Were you aware that Alcatraz could be rented out for events, for a price? Neither were we! Leave it to major liquor distributor William Grant & Sons, who came to the Bay Area to host a booze-industry fete and butter up a bevy of local beverage folks, to inform us. The occasion was Repeal Day (the repeal of Prohibition), which is actually not until December 5th, and the theme was, appropriately 1920s/Speakeasy. But you should know, those of you who might want to throw your own party on The Rock, you've got to abide by the Park Service's rules in bringing people out there: everyone has to get walked up the hill by a ranger, who tells you some stuff about the island's history; and everyone has to take the self-guided audio tour of the prison once inside. After that, we were free to booze it up.

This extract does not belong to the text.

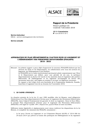 Le présent rapport a pour objet d'approuver le nouveau PDALHPD élaboré par les services de l'Etat et du Département, en collaboration avec tous les acteurs du logement, de l'hébergement et de l'habitat. Le PDALHPD est le cadre institutionnel partenarial piloté conjointement par l'Etat et le Département qui définit, pour une période de six ans, la politique départementale en faveur de l'accès et du maintien dans le logement des publics défavorisés, de l'hébergement et du logement accompagné en faveur des personnes sans abri, mal logées ou inaptes à occuper un logement autonome. Ce rapport a fait l'objet d'un avis favorable de la Commission Solidarité, Famille, Insertion et Logement lors de sa réunion du 9 novembre 2018.

It was especially cool because night tour tickets are hard to come by for touring the spooky building -- which one very stoic ranger insists is not the least bit haunted... "The only unusual things we ever see on this island get off that boat you just road in on." The last night tour ferry usually leaves at 7 p.m. these days, which was when we arrived, for our history lesson before drinking.
Fact: There is no natural soil on the island. It was literally just rock until the military shipped in some dirt and planted a few trees.
Fact: they've got a former Alcatraz prison guard they call in for such occasions, who does a little spiel and talks about getting stabbed in the leg his first week on the job in 1950. (He still lives in S.F. and says they have an Alcatraz alumni reunion every August.) The prison, in case you didn't know, was closed in 1963, and later played host to a nineteen-month occupation by Native American activists (and assorted hippies) that began in November 1969, and which is credited with raising awareness of Native American civil rights, and which ended with several buildings on the island being burned.